解决单源最短路径问题(Single Source Shortest Paths Problem)的算法包括:
Dijkstra 单源最短路径算法:时间复杂度为 O(E + VlogV),要求权值非负;
Bellman-Ford 单源最短路径算法:时间复杂度为 O(VE),适用于带负权值情况;
对于全源最短路径问题(All-Pairs Shortest Paths Problem),可以认为是单源最短路径问题的推广,即分别以每个顶点作为源顶点并求其至其它顶点的最短距离。例如,对每个顶点应用 Bellman-Ford 算法,则可得到所有顶点间的最短路径的运行时间为 O(V2E),由于图中顶点都是连通的,而边的数量可能会比顶点更多,这个时间没有比 Floyd-Warshall 全源最短路径算法 O(V3) 更优。那么,再试下对每个顶点应用 Dijkstra 算法,则可得到所有顶点间的最短路径的运行时间为 O(VE + V2logV),看起来优于 Floyd-Warshall 算法的 O(V3),所以看起来使用基于 Dijkstra 算法的改进方案好像更好,但问题是 Dijkstra 算法要求图中所有边的权值非负,不适合通用的情况。

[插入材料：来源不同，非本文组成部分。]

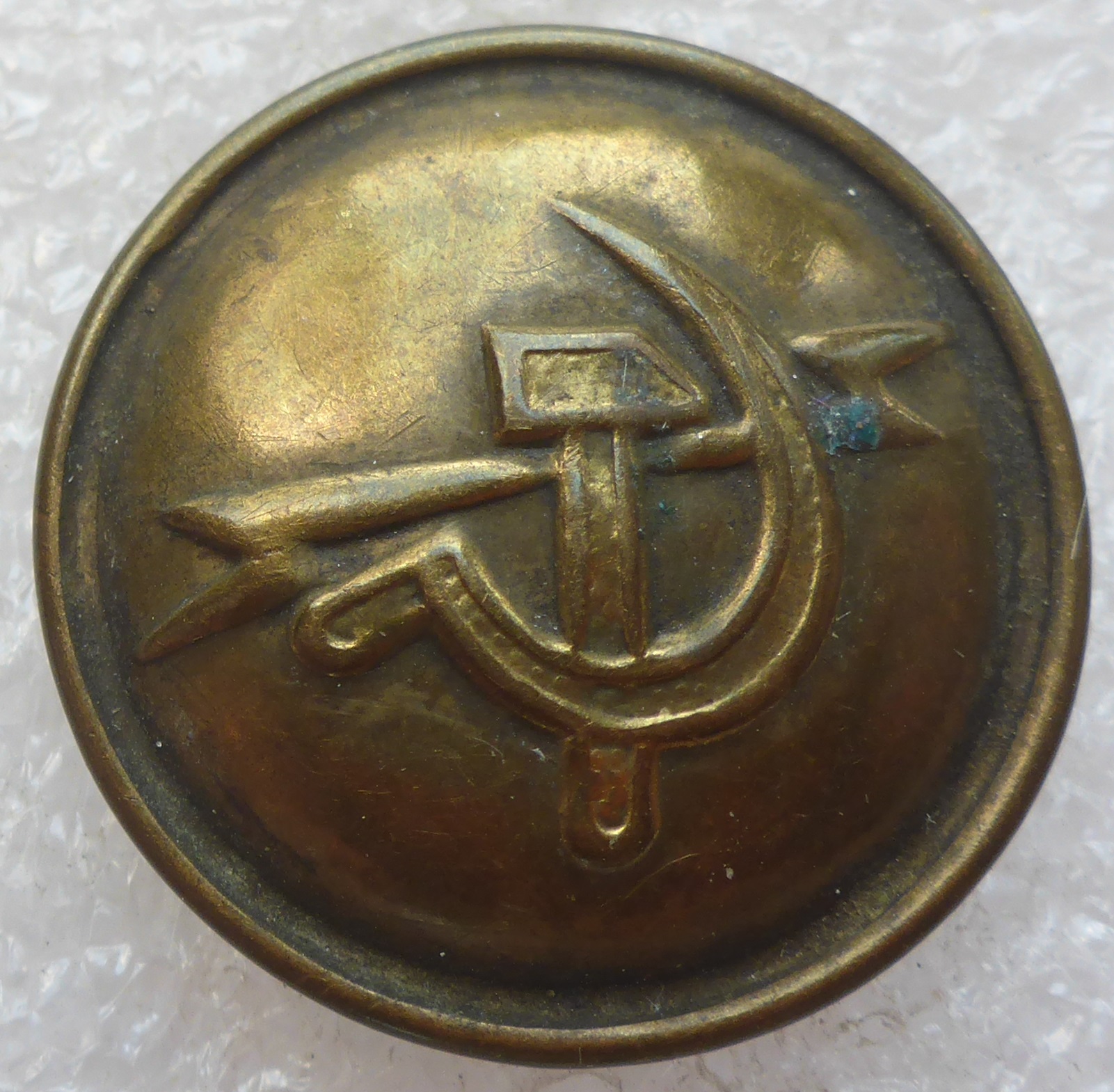 BENAS! Спасибо за фото. Значит фабрика "СЛАВА" делала и такие пуговицы. Весьма оригинальная, особенно ушко. Размер примерно 16 - 18 мм. Но, мне кажется, эта пуговица относится к торговому флоту. Пусть коллеги опровергнут или подтвердят. Англичанам простительно, когда они делали пуговицы по ленд-лизу такого типа.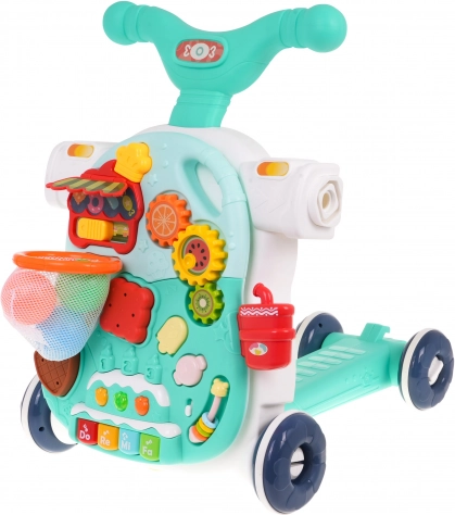 La trottinette et table interactive pour enfants 5-en-1 est idéale pour le développement de l’enfant. Conçue pour être flexible et modulable – vous pouvez la transformer en :

在 1977 年,Donald B. Johnson 提出了对所有边的权值进行 "re-weight" 的算法,使得边的权值非负,进而可以使用 Dijkstra 算法进行最短路径的计算。
我们先自己思考下如何进行 "re-weight" 操作,比如,简单地对每条边的权值加上一个较大的正数,使其非负,是否可行?
比如上面的图中,共 4 条边,权值分别为 1,1,1,4。当前 s --> c 的最短路径是 {s-a, a-b, b-c} 即 1+1+1=3。而如果将所有边的权值加 1,则最短路径就会变成 {s-c} 的 5,因为 2+2+2=6,实际上导致了最短路径的变化,显然是错误的。
那么,Johnson 算法是如何对边的权值进行 "re-weight" 的呢?以下面的图 G 为例,有 4 个顶点和 5 条边。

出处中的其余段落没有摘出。